> WHAT YOU NEED TO DO
Exactly the lines below starting at the line with "на Маяковской ТЭС" and ending at the line with "Deze wikkelblouse heeft" are wanted, with both ends included. Leave out the pictures and add no other lines.

> DATA
====

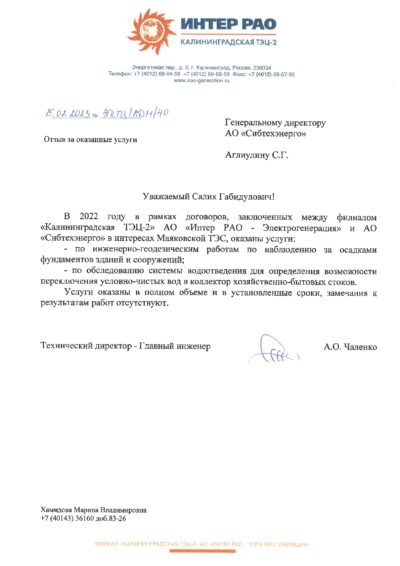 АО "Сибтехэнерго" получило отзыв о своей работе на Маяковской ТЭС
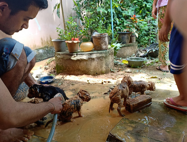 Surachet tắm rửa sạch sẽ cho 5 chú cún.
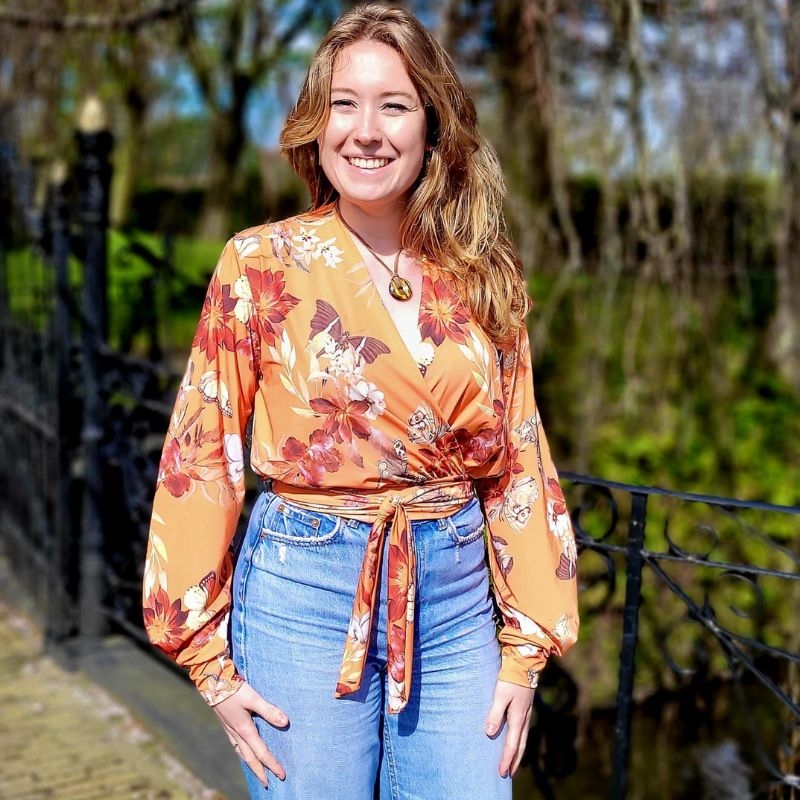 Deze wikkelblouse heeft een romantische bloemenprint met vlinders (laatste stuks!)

====

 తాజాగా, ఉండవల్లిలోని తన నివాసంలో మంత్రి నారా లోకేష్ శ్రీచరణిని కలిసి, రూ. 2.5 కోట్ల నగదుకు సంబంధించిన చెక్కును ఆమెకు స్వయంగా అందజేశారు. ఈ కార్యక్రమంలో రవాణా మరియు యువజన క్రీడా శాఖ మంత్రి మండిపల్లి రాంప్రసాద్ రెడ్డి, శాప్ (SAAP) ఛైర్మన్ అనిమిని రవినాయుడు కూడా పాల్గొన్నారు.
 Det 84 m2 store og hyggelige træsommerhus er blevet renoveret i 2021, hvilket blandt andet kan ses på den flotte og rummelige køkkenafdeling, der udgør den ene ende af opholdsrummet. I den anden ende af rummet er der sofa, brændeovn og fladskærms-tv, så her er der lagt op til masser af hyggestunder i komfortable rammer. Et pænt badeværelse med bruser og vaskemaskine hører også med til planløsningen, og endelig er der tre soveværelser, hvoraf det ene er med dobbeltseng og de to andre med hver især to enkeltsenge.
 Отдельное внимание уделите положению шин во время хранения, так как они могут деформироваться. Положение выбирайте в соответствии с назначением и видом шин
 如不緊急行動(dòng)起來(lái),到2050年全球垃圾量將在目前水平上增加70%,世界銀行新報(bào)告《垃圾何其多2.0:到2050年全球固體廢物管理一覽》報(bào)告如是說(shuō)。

====

> EXERCISE ANSWER
 АО "Сибтехэнерго" получило отзыв о своей работе на Маяковской ТЭС
 Surachet tắm rửa sạch sẽ cho 5 chú cún.
 Deze wikkelblouse heeft een romantische bloemenprint met vlinders (laatste stuks!)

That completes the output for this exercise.